* _What to work on_: Transcribe precisely, and only, the lines beginning at the line containing "Zilveren Zeekoe lamantijn" and ending at the final line of the material below.

* _The data_:
---+---

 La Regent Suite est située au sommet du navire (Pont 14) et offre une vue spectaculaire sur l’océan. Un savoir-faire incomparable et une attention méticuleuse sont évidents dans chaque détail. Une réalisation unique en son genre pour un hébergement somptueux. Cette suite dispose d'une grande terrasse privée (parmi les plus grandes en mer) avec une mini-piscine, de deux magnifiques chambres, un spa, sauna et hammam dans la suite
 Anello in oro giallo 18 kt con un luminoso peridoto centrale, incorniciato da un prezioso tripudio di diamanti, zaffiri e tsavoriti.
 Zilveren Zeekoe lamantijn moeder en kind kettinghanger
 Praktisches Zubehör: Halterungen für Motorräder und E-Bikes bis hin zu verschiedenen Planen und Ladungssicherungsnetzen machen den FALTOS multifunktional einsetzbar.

---+---

* _Response for this exercise_:
 Zilveren Zeekoe lamantijn moeder en kind kettinghanger
 Praktisches Zubehör: Halterungen für Motorräder und E-Bikes bis hin zu verschiedenen Planen und Ladungssicherungsnetzen machen den FALTOS multifunktional einsetzbar.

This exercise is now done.